Reverend Cameron Fraser weighs in on the topic of religious belief:

Quote:
"It doesn't matter what you believe, as long as you're not hurting anyone."

I think we should set the bar higher. How about:

"Whatever your beliefs, do they lead you to participate in reducing suffering in the world?" 

Poverty. White supremacy. Human trafficking and displacement. Homophobia and transphobia. Violence through words, actions and systems. Environmental degradation. Greed and apathy. 

...

Rabbi Sharon Brous, leader of IKAR, an innovative Jewish Community in Los Angeles, preached her Rosh Hashanah sermon this past September.

Brous, who is well known for her TED Talk It's Time to Reclaim Religion, and who appeared on a November cover of Time Magazine, reflected that when she and some friends began IKAR more than a decade ago their guiding question was, "What Treasures are in our Jewish Tradition that we'd like to claim for ourselves?" — but that now, in 2018, their guiding question is, "What does our Jewish tradition demand of us in a time of moral crisis?"

What about the non-religious (emphasis mine)?

Quote:
This is a question worthy of the moment in which we find ourselves. I believe this is a question that both religious and non-religious people should ask of themselves and their communities.

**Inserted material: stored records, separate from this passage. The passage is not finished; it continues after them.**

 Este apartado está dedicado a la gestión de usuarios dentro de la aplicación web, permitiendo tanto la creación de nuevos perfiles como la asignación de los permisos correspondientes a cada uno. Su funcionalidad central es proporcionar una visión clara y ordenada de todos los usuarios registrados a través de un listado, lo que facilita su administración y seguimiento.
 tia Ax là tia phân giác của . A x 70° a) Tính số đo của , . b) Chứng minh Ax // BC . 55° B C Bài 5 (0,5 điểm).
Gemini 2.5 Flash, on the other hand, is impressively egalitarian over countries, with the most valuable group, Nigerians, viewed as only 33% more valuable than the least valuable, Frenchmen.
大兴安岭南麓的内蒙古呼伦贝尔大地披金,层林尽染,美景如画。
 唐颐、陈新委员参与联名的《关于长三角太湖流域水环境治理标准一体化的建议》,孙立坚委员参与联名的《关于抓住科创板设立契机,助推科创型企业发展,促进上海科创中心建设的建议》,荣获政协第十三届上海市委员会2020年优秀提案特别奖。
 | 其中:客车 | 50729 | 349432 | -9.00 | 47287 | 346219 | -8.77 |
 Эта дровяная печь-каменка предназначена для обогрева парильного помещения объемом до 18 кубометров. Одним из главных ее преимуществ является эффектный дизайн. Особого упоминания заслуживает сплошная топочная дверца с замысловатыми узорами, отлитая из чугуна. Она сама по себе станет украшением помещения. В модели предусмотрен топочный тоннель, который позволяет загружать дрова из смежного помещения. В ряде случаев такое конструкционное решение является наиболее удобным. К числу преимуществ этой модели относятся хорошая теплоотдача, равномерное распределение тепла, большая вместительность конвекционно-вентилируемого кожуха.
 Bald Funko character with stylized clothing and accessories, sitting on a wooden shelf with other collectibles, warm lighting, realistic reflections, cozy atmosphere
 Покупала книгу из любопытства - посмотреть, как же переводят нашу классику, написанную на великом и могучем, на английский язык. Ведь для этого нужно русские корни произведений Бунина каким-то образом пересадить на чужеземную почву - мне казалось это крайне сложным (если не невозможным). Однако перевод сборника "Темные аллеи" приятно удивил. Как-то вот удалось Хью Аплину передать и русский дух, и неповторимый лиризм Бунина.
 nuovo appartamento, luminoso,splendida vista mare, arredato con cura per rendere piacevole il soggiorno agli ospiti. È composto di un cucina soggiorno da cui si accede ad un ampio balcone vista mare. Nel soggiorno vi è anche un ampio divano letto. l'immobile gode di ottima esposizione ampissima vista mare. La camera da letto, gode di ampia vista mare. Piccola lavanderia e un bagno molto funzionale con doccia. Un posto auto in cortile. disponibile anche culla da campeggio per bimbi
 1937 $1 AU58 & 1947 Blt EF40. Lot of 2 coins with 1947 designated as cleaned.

I believe that this rings true both in my tradition and in many others, but that there are many ways to be a Christian, a Muslim, a Hindu, a Sikh, an atheist, an agnostic, a secular humanist and so on. Some of these ways lead to action, others to apathy.

voice of the damned

Actually, Jesus' version of the Golden Rule DOES go beyond the do-no-harm ethos, as it enjoins us to actively do good things for others, rather than simply say we should avoid doing bad things to them.

However, Jean-Paul Sartre saw such imperatives as ultimately useless. He gave the example of a young Frenchman during World War II deciding whether to join the Resistance, or to stay with his elderly mother, who has already lost a son to the war and is on bad terms with her husband...

What could help him to choose? Could the Christian doctrine? No. Christian doctrine says: Act with charity, love your neighbour, deny yourself for others, choose the way which is hardest, and so forth. But which is the harder road? To whom does one owe the more brotherly love, the patriot or the mother? Which is the more useful aim, the general one of fighting in and for the whole community, or the precise aim of helping one particular person to live? Who can give an answer to that a priori? No one. Nor is it given in any ethical scripture. The Kantian ethic says, Never regard another as a means, but always as an end. Very well; if I remain with my mother, I shall be regarding her as the end and not as a means: but by the same token I am in danger of treating as means those who are fighting on my behalf; and the converse is also true, that if I go to the aid of the combatants I shall be treating them as the end at the risk of treating my mother as a means. If values are uncertain, if they are still too abstract to determine the particular, concrete case under consideration, nothing remains but to trust in our instincts. That is what this young man tried to do; and when I saw him he said, “In the end, it is feeling that counts; the direction in which it is really pushing me is the one I ought to choose. If I feel that I love my mother enough to sacrifice everything else for her – my will to be avenged, all my longings for action and adventure then I stay with her. If, on the contrary, I feel that my love for her is not enough, I go.” But how does one estimate the strength of a feeling? The value of his feeling for his mother was determined precisely by the fact that he was standing by her. I may say that I love a certain friend enough to sacrifice such or such a sum of money for him, but I cannot prove that unless I have done it. I may say, “I love my mother enough to remain with her,” if actually I have remained with her. I can only estimate the strength of this affection if I have performed an action by which it is defined and ratified. But if I then appeal to this affection to justify my action, I find myself drawn into a vicious circle.